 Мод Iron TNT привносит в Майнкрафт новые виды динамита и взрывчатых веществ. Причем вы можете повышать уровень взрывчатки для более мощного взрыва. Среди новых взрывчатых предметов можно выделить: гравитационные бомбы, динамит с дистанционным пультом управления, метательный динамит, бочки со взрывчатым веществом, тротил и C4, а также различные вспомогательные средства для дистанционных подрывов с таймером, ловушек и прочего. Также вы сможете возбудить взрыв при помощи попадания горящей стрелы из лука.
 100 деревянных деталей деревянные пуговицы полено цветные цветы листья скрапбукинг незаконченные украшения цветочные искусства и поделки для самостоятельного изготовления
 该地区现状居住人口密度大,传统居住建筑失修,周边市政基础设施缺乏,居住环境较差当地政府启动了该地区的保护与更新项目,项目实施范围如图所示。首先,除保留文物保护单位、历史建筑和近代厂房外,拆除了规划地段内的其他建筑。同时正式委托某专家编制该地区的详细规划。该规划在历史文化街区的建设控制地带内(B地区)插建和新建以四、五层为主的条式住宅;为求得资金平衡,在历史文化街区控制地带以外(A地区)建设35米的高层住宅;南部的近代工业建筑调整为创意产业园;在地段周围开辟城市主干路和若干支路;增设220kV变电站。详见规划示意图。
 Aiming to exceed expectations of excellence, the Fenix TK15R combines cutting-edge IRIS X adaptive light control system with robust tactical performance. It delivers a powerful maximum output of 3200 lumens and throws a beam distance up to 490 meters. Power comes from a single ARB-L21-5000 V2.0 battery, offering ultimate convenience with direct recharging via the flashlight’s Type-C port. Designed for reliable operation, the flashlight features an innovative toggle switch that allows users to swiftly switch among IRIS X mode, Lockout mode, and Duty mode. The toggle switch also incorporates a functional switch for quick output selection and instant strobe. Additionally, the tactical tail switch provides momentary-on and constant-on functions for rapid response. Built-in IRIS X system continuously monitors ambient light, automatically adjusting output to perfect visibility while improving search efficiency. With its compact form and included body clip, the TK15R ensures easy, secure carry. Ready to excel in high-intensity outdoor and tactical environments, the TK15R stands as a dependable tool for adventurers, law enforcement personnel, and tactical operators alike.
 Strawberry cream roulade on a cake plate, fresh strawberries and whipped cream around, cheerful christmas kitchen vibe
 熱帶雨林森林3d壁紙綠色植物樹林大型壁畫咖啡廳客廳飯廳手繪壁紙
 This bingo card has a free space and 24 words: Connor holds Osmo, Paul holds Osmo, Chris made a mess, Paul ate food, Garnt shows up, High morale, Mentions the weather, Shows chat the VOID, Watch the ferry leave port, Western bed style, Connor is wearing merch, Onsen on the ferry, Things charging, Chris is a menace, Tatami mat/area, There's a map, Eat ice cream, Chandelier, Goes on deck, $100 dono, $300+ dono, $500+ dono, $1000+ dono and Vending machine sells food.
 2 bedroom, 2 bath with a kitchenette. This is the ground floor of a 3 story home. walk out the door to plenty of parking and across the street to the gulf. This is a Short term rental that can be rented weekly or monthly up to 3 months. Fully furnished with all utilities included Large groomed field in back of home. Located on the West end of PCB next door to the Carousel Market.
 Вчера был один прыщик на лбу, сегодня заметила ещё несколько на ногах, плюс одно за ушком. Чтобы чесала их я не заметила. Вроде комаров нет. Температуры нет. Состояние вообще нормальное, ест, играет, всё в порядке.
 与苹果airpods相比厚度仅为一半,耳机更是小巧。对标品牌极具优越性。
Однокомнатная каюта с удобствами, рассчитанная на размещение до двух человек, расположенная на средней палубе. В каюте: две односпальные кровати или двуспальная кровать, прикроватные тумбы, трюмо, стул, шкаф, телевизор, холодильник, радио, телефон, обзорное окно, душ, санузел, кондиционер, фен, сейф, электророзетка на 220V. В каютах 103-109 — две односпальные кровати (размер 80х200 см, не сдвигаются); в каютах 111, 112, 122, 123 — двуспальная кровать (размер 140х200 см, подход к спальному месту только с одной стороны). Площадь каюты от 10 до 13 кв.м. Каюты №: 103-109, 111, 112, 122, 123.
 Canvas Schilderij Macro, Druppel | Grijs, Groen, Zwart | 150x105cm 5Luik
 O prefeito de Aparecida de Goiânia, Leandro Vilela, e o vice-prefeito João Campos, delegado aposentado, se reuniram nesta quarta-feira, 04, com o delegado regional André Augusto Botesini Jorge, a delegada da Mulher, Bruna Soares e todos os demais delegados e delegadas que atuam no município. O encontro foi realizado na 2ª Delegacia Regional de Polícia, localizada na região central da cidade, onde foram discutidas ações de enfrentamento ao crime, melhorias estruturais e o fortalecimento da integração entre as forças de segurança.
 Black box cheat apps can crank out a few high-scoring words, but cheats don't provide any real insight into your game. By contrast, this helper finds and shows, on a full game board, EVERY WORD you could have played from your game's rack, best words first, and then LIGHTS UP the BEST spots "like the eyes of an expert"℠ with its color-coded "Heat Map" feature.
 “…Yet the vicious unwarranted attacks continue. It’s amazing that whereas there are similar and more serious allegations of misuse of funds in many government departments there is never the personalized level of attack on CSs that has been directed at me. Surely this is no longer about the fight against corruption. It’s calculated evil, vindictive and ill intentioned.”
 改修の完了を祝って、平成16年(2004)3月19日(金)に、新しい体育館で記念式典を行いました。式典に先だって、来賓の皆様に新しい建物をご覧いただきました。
☆ ☆ ☆ ☆ ☆ ☆ ☆
- **Task description**
In the entries above, find the line with "Однокомнатная каюта с" and the line with "O prefeito de", then set down exactly those two and every line between them, nothing else.

- **Response for this exercise**
Однокомнатная каюта с удобствами, рассчитанная на размещение до двух человек, расположенная на средней палубе. В каюте: две односпальные кровати или двуспальная кровать, прикроватные тумбы, трюмо, стул, шкаф, телевизор, холодильник, радио, телефон, обзорное окно, душ, санузел, кондиционер, фен, сейф, электророзетка на 220V. В каютах 103-109 — две односпальные кровати (размер 80х200 см, не сдвигаются); в каютах 111, 112, 122, 123 — двуспальная кровать (размер 140х200 см, подход к спальному месту только с одной стороны). Площадь каюты от 10 до 13 кв.м. Каюты №: 103-109, 111, 112, 122, 123.
 Canvas Schilderij Macro, Druppel | Grijs, Groen, Zwart | 150x105cm 5Luik
 O prefeito de Aparecida de Goiânia, Leandro Vilela, e o vice-prefeito João Campos, delegado aposentado, se reuniram nesta quarta-feira, 04, com o delegado regional André Augusto Botesini Jorge, a delegada da Mulher, Bruna Soares e todos os demais delegados e delegadas que atuam no município. O encontro foi realizado na 2ª Delegacia Regional de Polícia, localizada na região central da cidade, onde foram discutidas ações de enfrentamento ao crime, melhorias estruturais e o fortalecimento da integração entre as forças de segurança.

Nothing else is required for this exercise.